If you’re a new player on one of the Pennsylvania sites, however, you can take advantage of many bonus incentives that provide extra funds to combine with your own money and create a good chance to come out ahead of the house odds when you get started.

All the usual betting options abound

Playing the game itself is not so different online from being in a casino, other than, of course, you’re alone rather than joining in cheers or groans with fellow gamblers in a live casino. There’s also typically a soundtrack of some light, jazzy music accompanying your online play (though you can mute it).

But basically, you’re clicking on buttons to place a chip denomination of your choice of wide-ranging betting options before you click on the “spin” button to set the wheel and ball moving.
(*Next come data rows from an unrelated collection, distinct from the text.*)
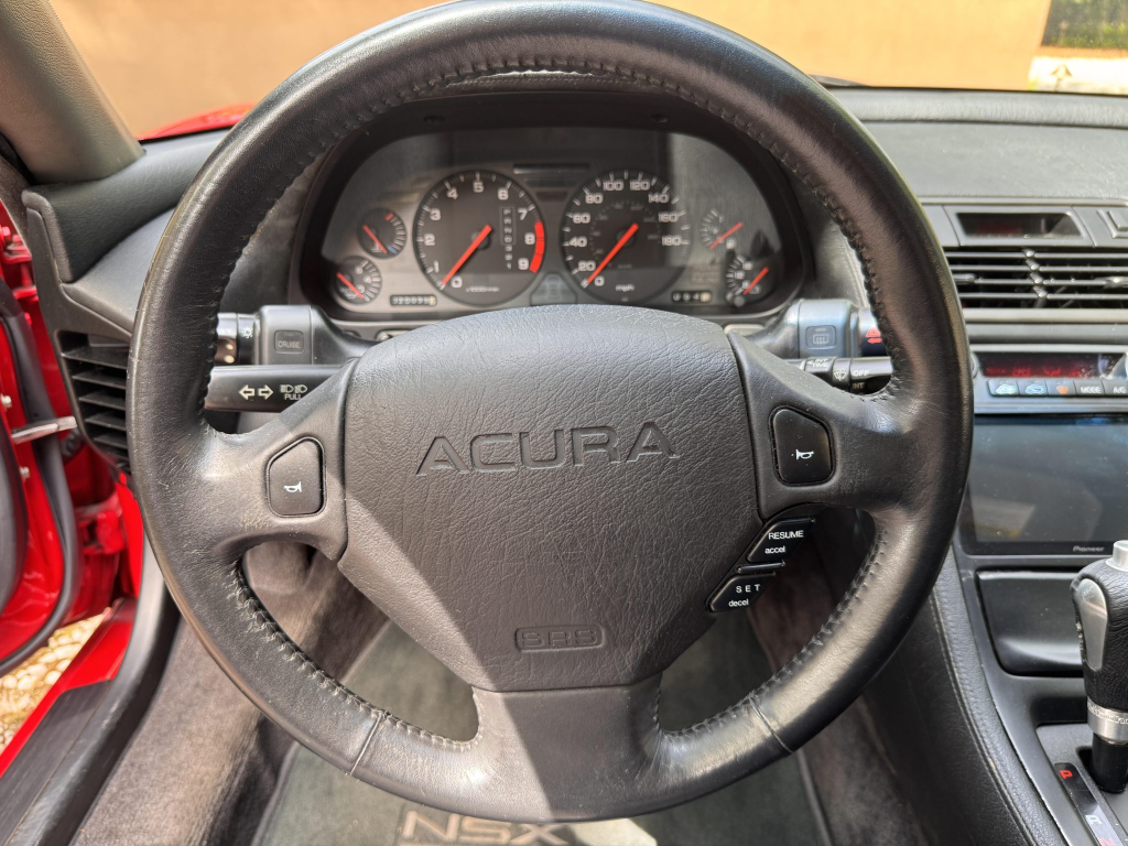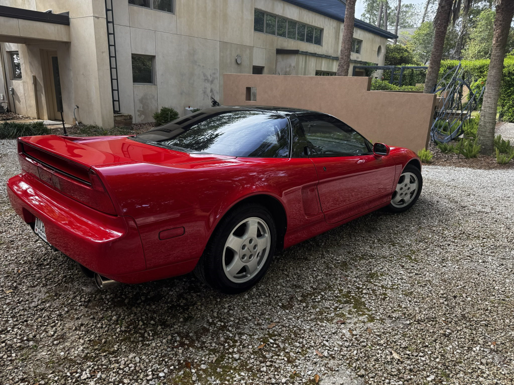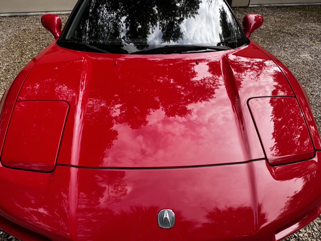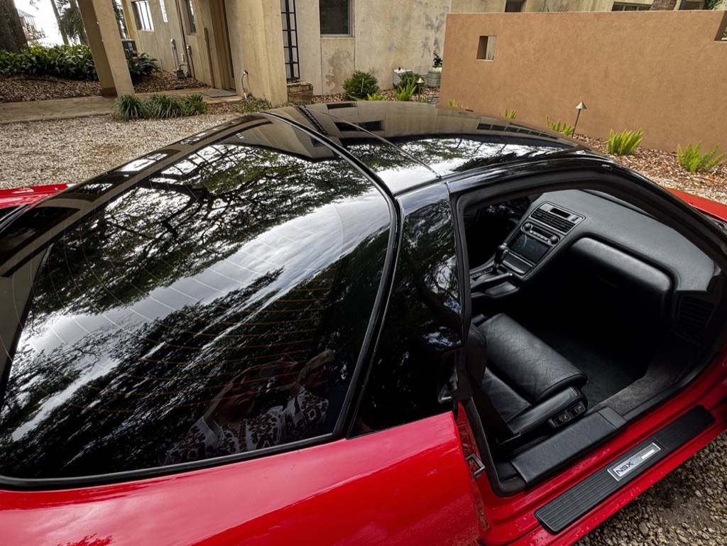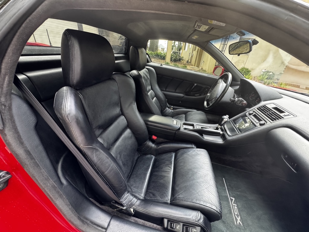 The NSX featured aluminum bodywork, and this example is finished in Formula Red with a black roof panel and pillars. A rearview camera has been installed, and additional exterior details include pop-up headlights, an integrated rear wing, side air intakes, power-adjustable side mirrors, and dual exhaust outlets. The seller states the lower door seals were replaced and an S2000-sourced antenna was installed. Close-up photos of blemishes along the body can be seen in the gallery.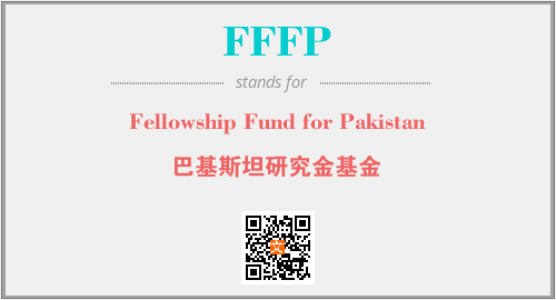 上述内容是“Fellowship Fund for Pakistan”作为“FFFP”的缩写,解释为“巴基斯坦研究金基金”时的信息,以及英文缩略词FFFP所代表的英文单词,其对应的中文拼音、详细解释以及在英文中的流行度和相关分类、应用领域及应用示例等。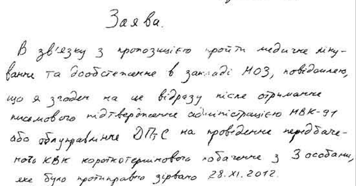 «В этом заявлении он прибегает к шантажу руководства колонии, обещая выехать в больницу только в случае получения разрешения на проведение краткосрочного свидания», - сообщает ГПтС.

You can opt for all of the standard “outside” bets such as red/black, even/odd, and high/low, all of which in the European/French version give you a 48.75% chance of winning (less than 50-50 due to the chance of that 0 number coming up) and get paid back even money.

Or you can bet small groups of numbers for a higher payback chance, or even just a single number, winning 35 times your wager if the latter hits.

Everyone has their own preference. There’s no real method for coming out ahead in the long run, though people are willing to put their faith in various systems.

A popular one is the “Martingale” strategy in which you keep doubling your bet when it loses, figuring you’ll make your money back on the next spin. The problem is that, inevitably, there can be a long streak of red numbers while you’re repeating and increasing bets on black — or vice versa — and the system can become very costly.

In general, as long as you intend going in to play for fun instead of profit, you should be able to avoid problems like those of Hagerty’s Linda Howard character (“Come on, 22 … One more time, 22… Come on back to me, 22!”).

Just keep in mind that the game of roulette is one time where being “un-American” is the right way to go.